Data extracted from a collection
##########
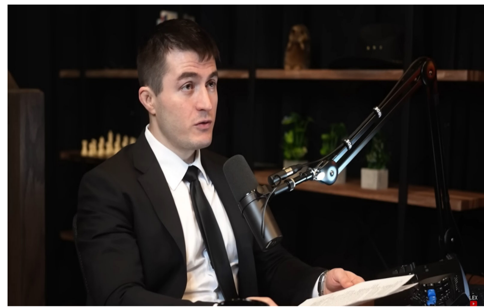
Lex Fridman, an American computer scientist and the host of "Lex Fridman podcast".

Yet, the "Lex Fridman Podcast" is more than just a source of information—it's a vibrant community of like-minded individuals united by a passion for exploration. Listeners are encouraged to engage through social media, forums, and live events, fostering meaningful discussions and connections beyond the podcast. In conclusion, the "Lex Fridman Podcast" offers a unique and enriching experience for those eager to expand their knowledge and explore the mysteries of the universe. So, if you're ready to embark on an intellectual journey of discovery, tune in and prepare to have your mind expanded in ways you never thought possible.
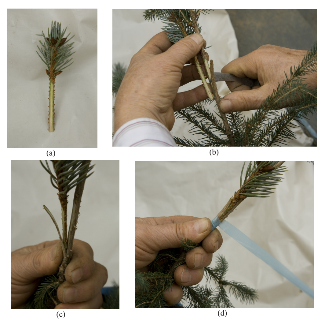
Figure 3 Illustration of the double-side-veneer grafting: (a) the scion was prepared with 4-5 cm long cut on both sides; (b) the rootstock cut preparation; (c) the scion was inserted into the rootstock cut; (d) the graft ing partners are tightly tying with plastic tape then the Ceraltin<sup>®</sup> wax will be applied (original photo I. Blada).

exceeded the above mentioned values; consequently, some losses in grafted plants have occurred. In such days, artificial misting was done inside the greenhouse.
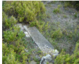
H1659 griffith island port fairy keepers quarters remains2
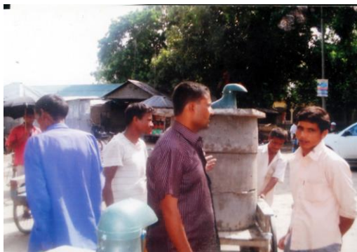
(Hard Poor Ring-slab Distribution Modati UP, Kaligonj, Lalmonirhat)

It is altogether a motivational program and also a supporting program to accelerate group activities. Discussions were held throughout the reporting period in the groups about the themes of environmental pollution and measures to bring back ecological balance. Group members were motivated to use safe water in the interest of health and hygiene and to install water scaled latrines. 1203 persons were involved in the program. In the reporting
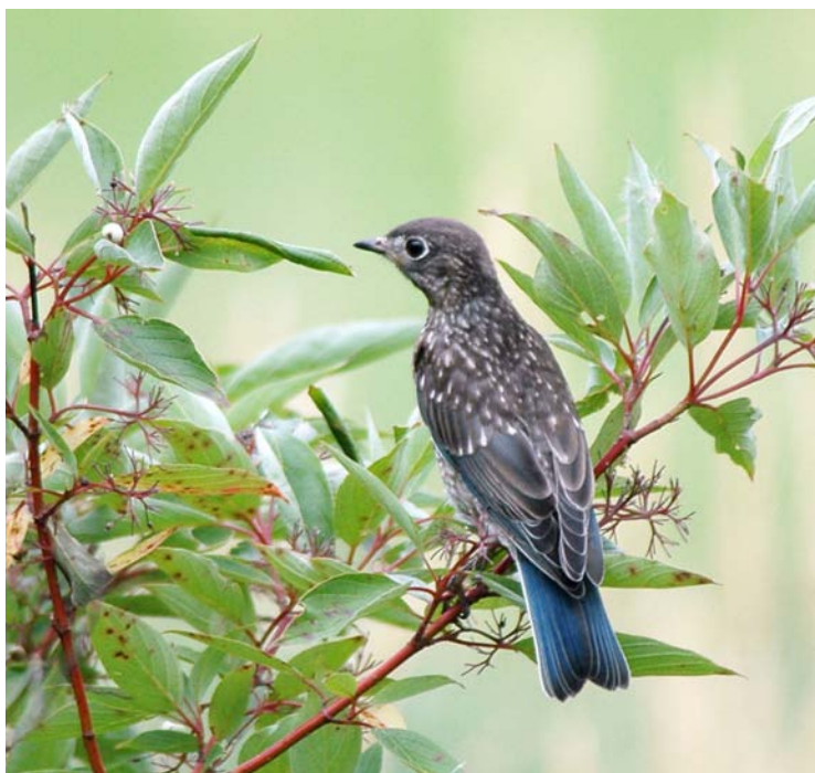
SPOTS OR STREAKS AND DULL COLORING will help hide fledglings like this eastern bluebird from predators.

On the other hand, songbirds, like chickadees, robins, finches and blue jays, have altricial young. Their chicks hatch with few if any feathers and with their eyes closed. They are very weak and can barely hold up their heads. They are completely dependent on their parents and will remain in the nest for about two to three weeks. For the first few days, one of the parents must keep the nestlings warm. The other parent must provide a constant supply of protein-rich food for the family. As the chicks’ feathers fill out, both parents can leave the nest and forage for increasing supplies of insects to feed their young, especially fat caterpillars, spiders and other invertebrates. As an example, a robin might make 100 feeding visits to its nest each day. 1
##########
- **Your assignment**
Leave every picture out and retype exactly the lines of the records above from the one holding "(Hard Poor Ring-slab" through the last, both ends included and nothing besides.

- **Answer area**
(Hard Poor Ring-slab Distribution Modati UP, Kaligonj, Lalmonirhat)

It is altogether a motivational program and also a supporting program to accelerate group activities. Discussions were held throughout the reporting period in the groups about the themes of environmental pollution and measures to bring back ecological balance. Group members were motivated to use safe water in the interest of health and hygiene and to install water scaled latrines. 1203 persons were involved in the program. In the reporting
SPOTS OR STREAKS AND DULL COLORING will help hide fledglings like this eastern bluebird from predators.

On the other hand, songbirds, like chickadees, robins, finches and blue jays, have altricial young. Their chicks hatch with few if any feathers and with their eyes closed. They are very weak and can barely hold up their heads. They are completely dependent on their parents and will remain in the nest for about two to three weeks. For the first few days, one of the parents must keep the nestlings warm. The other parent must provide a constant supply of protein-rich food for the family. As the chicks’ feathers fill out, both parents can leave the nest and forage for increasing supplies of insects to feed their young, especially fat caterpillars, spiders and other invertebrates. As an example, a robin might make 100 feeding visits to its nest each day. 1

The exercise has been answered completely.